* Exercise requirements *
An exact restatement of all the data is required, with the pictures left out.

* Dataset section *

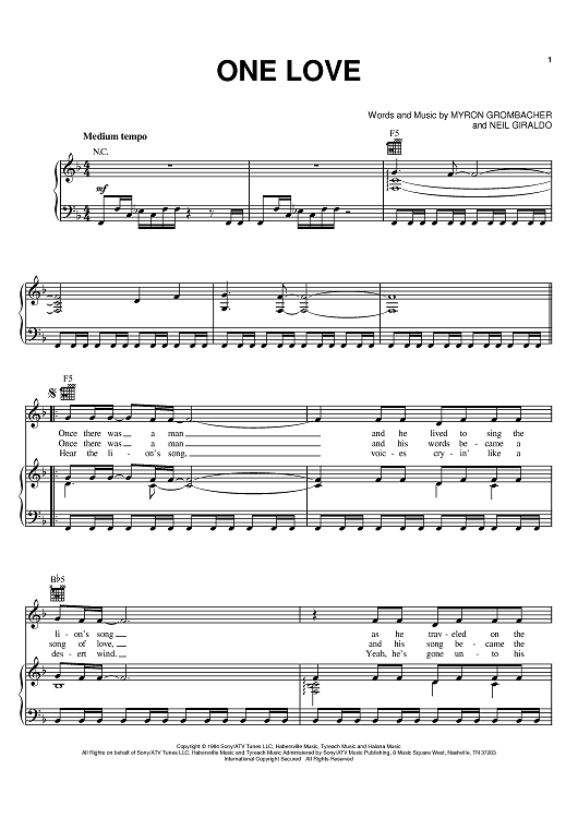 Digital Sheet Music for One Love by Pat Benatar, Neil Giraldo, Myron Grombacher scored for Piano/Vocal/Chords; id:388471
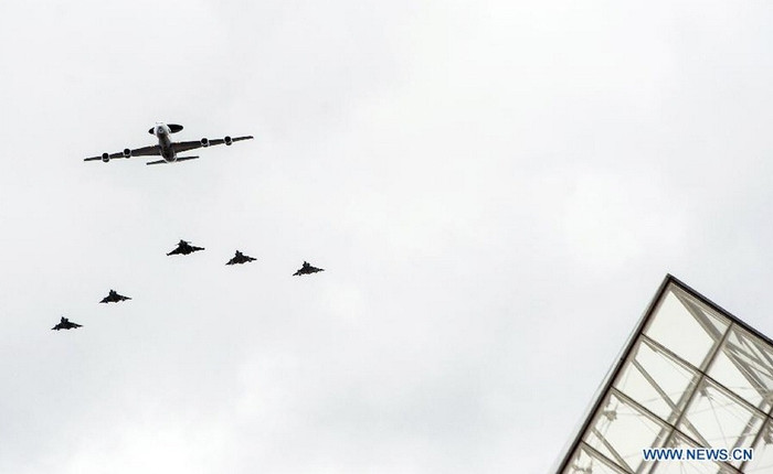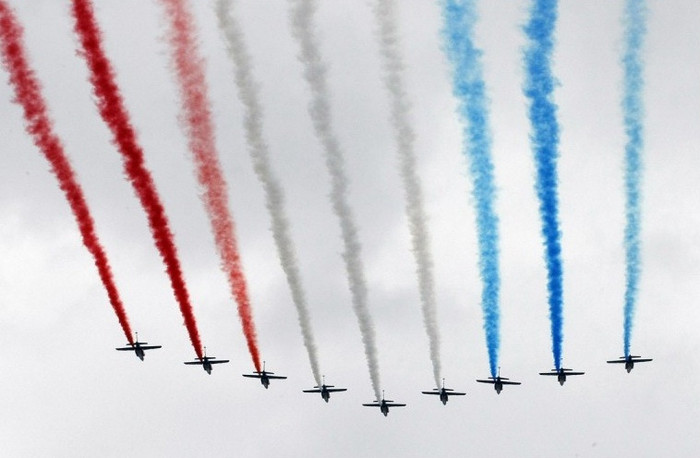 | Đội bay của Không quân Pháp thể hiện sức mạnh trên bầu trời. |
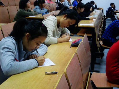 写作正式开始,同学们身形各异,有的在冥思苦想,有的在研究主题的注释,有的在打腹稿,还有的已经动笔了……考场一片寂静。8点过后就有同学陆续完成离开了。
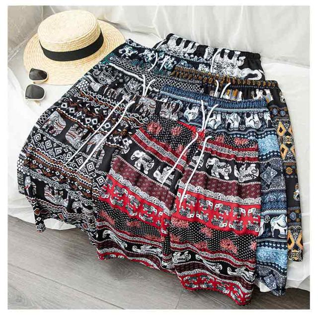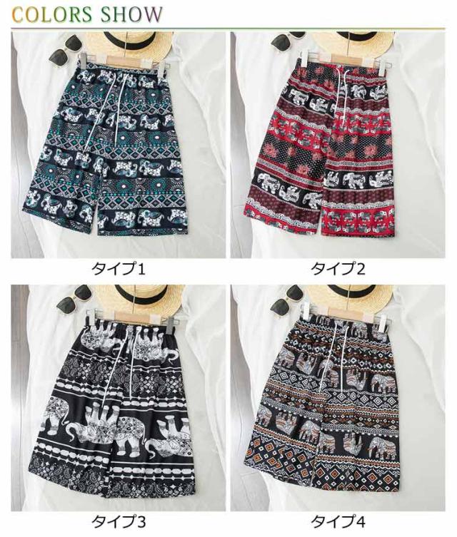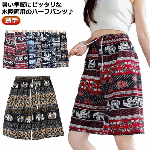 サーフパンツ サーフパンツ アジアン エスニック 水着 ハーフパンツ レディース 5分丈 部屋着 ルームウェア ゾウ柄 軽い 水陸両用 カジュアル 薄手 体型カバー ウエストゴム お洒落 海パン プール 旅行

* Response to the task *
 Digital Sheet Music for One Love by Pat Benatar, Neil Giraldo, Myron Grombacher scored for Piano/Vocal/Chords; id:388471
 | Đội bay của Không quân Pháp thể hiện sức mạnh trên bầu trời. |
 写作正式开始,同学们身形各异,有的在冥思苦想,有的在研究主题的注释,有的在打腹稿,还有的已经动笔了……考场一片寂静。8点过后就有同学陆续完成离开了。
 サーフパンツ サーフパンツ アジアン エスニック 水着 ハーフパンツ レディース 5分丈 部屋着 ルームウェア ゾウ柄 軽い 水陸両用 カジュアル 薄手 体型カバー ウエストゴム お洒落 海パン プール 旅行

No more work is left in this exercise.